AFFIRMED and REMANDED.

1

. The state defendants indicated to the trial court that they preferred an order under Rule 70 to one under Rule 69. The plaintiffs stated that they were indifferent between these choices.

2

. It did not, but followed our decision in Brown v. Culpepper, 559 F.2d 274 (5th Cir. 1977), which held that prevailing plaintiffs in civil rights actions should ordinarily recover an attorney’s fee unless special circumstances would render such an award unjust. Id. at 277; see Christianburg Garment Co. v. E.E.O.C., 434 U.S. 412, 417, 98 S.Ct. 694, 698, 54 L.Ed.2d 648 (1978).

3

. La.Const. art. XII, § 10(c) provides:

[*806] The legislature shall provide a procedure for suits against the state, a state agency, or a political subdivision. It shall provide for the effect of a judgment, but no public property or public funds shall be subject to seizure. No judgment against the state, a state agency, or a political subdivision shall be exigible, payable, or paid except from funds appropriated therefor by the legislature or by the political subdivision against which judgment is rendered.
4

. At oral argument, appellants suggested that appellees might seek a contempt citation against the Louisiana legislature for failing to appropriate funds to satisfy the judgment.

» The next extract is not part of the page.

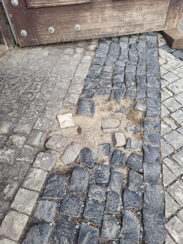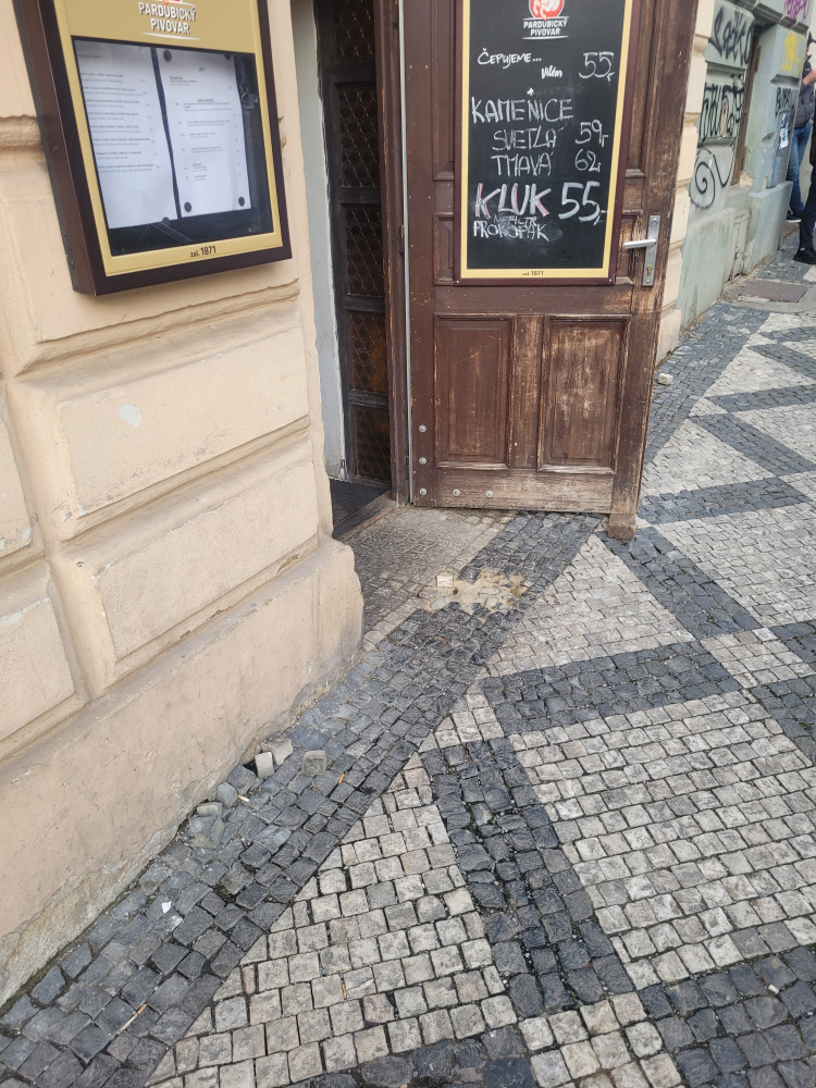 Dobry den. U vstupu do podniku Pivnice U Jary je poskozeny chodnik. Lide nasledne botama kopky vykopavaji po okoli a do daneho podniku.

However, the Louisiana legislature is not a party to this action. Moreover, the chaos in the state appropriations process appellants predict if the court’s order is affirmed would be dwarfed by the disruption that would be caused by a contempt citation against the state legislature, if such a sanction is possible.

5

. Rule 69(a) states in relevant part:

Process to enforce a judgment for the payment of money shall be a writ of execution, unless the court directs otherwise. The procedure on execution, in proceedings supplementary to and in aid of a judgment, and in proceedings on and in aid of execution shall be in accordance with the practice and procedure of the state in which the district court is held, existing at the time the remedy is sought,- except that any statute of the United States governs to the extent that it is applicable.
6

. Rule 70 states in relevant part:

If a judgment directs a party to execute a conveyance of land or to deliver deeds or other documents or to perform any other specific act and the party fails to comply within the time specified, the court may direct the act to be done at the cost of the disobedient party by some other person appointed by the court and the act when so done has like effect as if done by the party. The court may also in proper cases adjudge the party in contempt.
7

. Miss.Code Ann. § 11-45-5 (1972) provides:

A judgment or decree against the state shall not be satisfied except by an appropriation therefore by the legislature, and an execution shall not be issued against the state.
8

. Appellees suggest that Gates can be distinguished because the Mississippi statute, unlike the Louisiana constitutional provision, see n. 3 supra, does not expressly prohibit seizure of public funds. We see no relevance to this distinction, since the provisions in each state provide that a judgment against the state shall only be satisfied by an appropriation for that purpose by the state legislature. Also, the Mississippi statute prohibits the issuance of executions against the state. Therefore, Mississippi state property is not subject to seizure by writ of execution.

A second difference is that the Louisiana prohibition is contained in the state constitution, whereas the Mississippi prohibition is contained in a statute. Under the Supremacy Clause of the United States Constitution, U.S. Const, art. VI, cl. 2, state constitutional provisions, as well as state statutes, must comport with federal law. Therefore, this distinction, too, is irrelevant to the rationale of Gates. See Gates, supra, 616 F.2d at 1272.